[WHAT NEEDS TO BE DONE]: Please give back, exactly as written, the lines from the line with "#docker exec –it" to the line with "Освященный храм является" in the listing below, leaving out all pictures.

[TASK DATA]:
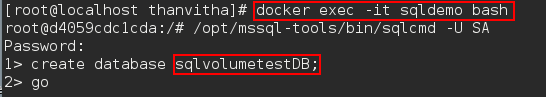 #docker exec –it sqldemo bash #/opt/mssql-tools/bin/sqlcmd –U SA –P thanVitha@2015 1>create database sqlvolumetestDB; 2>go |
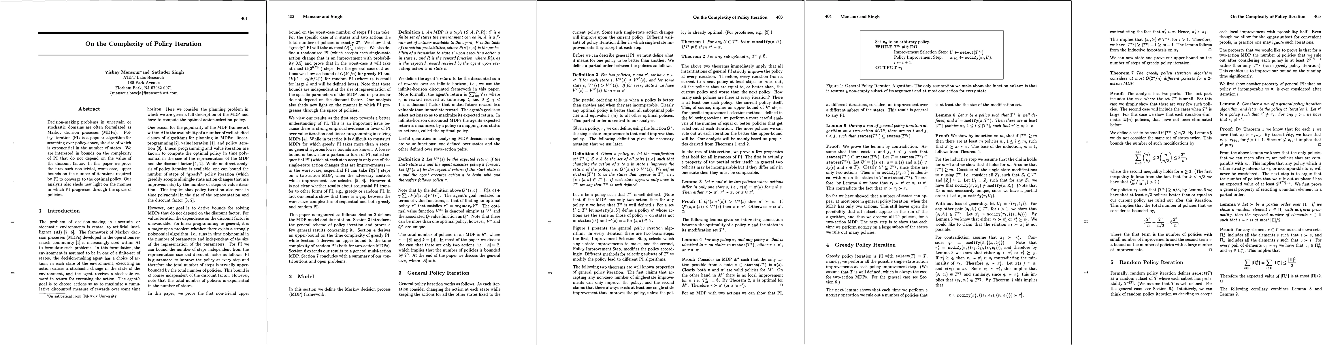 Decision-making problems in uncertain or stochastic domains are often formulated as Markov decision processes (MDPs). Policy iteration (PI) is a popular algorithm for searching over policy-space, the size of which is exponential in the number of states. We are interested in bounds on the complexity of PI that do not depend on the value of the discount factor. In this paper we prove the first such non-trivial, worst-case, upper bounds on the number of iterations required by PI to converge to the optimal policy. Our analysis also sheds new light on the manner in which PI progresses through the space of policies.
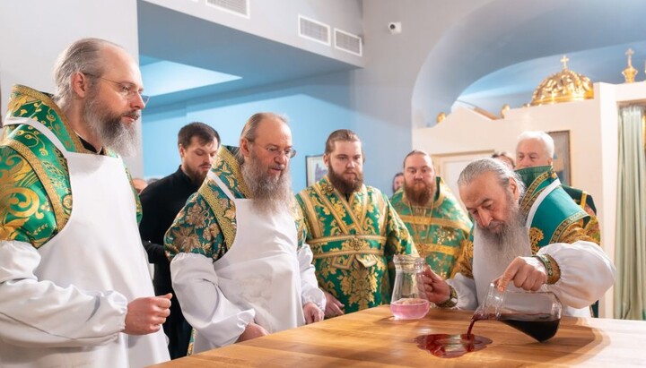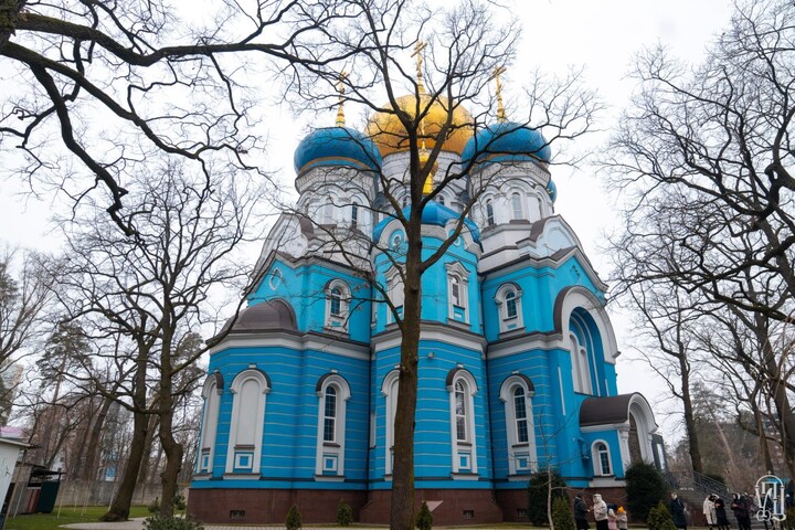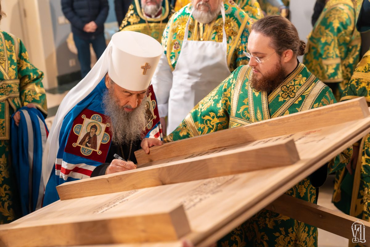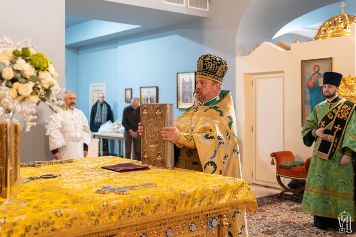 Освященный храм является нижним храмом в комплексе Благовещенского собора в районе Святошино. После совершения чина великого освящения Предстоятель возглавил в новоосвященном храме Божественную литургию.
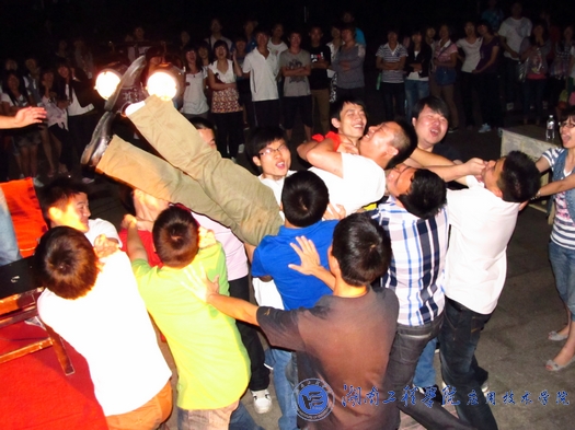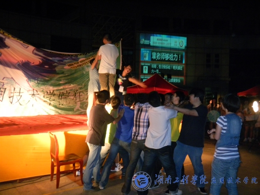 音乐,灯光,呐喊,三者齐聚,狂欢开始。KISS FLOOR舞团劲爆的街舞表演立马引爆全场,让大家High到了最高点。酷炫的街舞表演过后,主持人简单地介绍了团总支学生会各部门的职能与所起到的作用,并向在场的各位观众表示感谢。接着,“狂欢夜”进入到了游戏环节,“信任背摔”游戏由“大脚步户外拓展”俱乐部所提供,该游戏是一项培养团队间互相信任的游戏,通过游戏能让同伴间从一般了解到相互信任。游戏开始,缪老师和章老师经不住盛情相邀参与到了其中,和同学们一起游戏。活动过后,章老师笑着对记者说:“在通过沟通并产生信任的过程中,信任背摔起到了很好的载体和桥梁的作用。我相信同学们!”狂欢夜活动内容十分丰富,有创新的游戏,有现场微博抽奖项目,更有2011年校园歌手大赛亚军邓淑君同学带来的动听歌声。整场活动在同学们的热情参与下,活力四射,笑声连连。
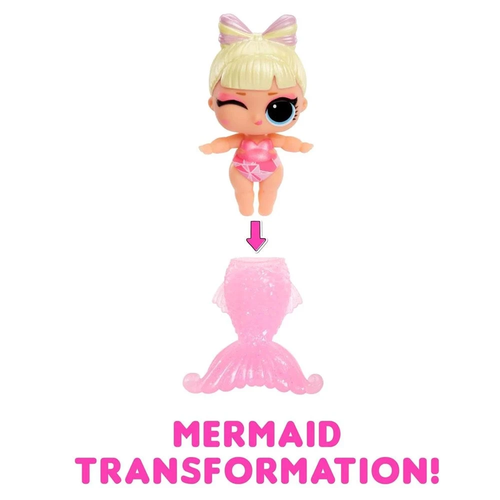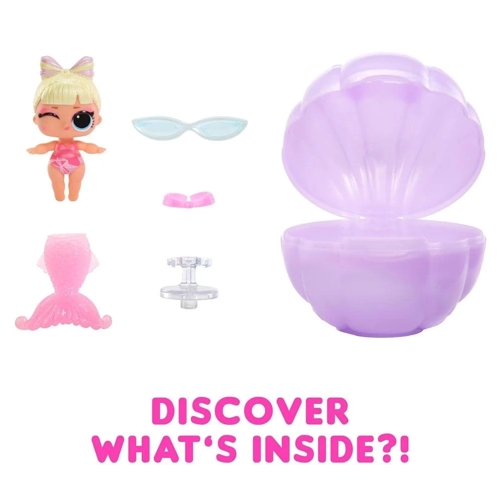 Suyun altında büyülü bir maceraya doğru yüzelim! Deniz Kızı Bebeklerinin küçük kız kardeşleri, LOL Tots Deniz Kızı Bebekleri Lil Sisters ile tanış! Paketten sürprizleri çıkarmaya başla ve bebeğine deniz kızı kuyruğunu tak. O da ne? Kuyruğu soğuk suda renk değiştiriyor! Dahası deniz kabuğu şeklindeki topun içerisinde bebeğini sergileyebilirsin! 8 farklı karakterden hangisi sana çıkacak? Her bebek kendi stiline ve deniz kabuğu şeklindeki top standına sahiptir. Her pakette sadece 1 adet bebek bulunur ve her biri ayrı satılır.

--

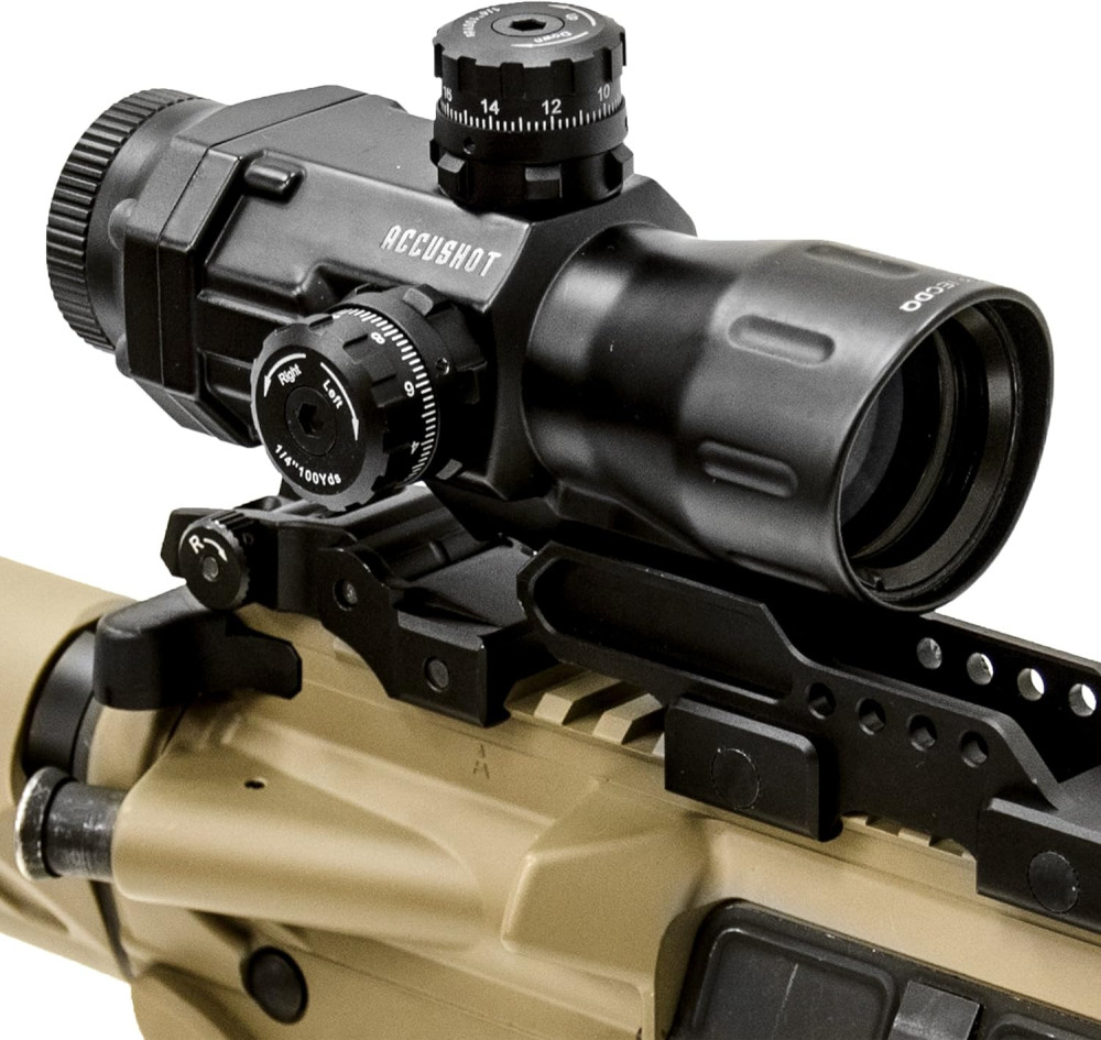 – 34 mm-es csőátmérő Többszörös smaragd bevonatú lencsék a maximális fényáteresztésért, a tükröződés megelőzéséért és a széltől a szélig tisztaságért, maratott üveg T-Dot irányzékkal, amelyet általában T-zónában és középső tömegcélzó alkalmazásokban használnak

* * *

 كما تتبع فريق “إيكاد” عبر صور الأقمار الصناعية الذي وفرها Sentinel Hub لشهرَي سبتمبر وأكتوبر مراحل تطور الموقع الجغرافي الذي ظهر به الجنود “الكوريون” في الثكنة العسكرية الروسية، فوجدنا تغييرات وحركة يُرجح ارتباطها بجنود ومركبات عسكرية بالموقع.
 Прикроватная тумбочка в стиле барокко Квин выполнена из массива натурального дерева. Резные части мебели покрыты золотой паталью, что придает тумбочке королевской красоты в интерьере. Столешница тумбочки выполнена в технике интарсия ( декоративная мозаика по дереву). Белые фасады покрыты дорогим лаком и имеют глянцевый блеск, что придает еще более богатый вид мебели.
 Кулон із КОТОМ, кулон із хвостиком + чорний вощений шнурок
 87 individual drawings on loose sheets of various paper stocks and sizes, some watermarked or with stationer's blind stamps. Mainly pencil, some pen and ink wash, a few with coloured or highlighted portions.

[ANSWER TO THE EXERCISE]:
 #docker exec –it sqldemo bash #/opt/mssql-tools/bin/sqlcmd –U SA –P thanVitha@2015 1>create database sqlvolumetestDB; 2>go |
 Decision-making problems in uncertain or stochastic domains are often formulated as Markov decision processes (MDPs). Policy iteration (PI) is a popular algorithm for searching over policy-space, the size of which is exponential in the number of states. We are interested in bounds on the complexity of PI that do not depend on the value of the discount factor. In this paper we prove the first such non-trivial, worst-case, upper bounds on the number of iterations required by PI to converge to the optimal policy. Our analysis also sheds new light on the manner in which PI progresses through the space of policies.
 Освященный храм является нижним храмом в комплексе Благовещенского собора в районе Святошино. После совершения чина великого освящения Предстоятель возглавил в новоосвященном храме Божественную литургию.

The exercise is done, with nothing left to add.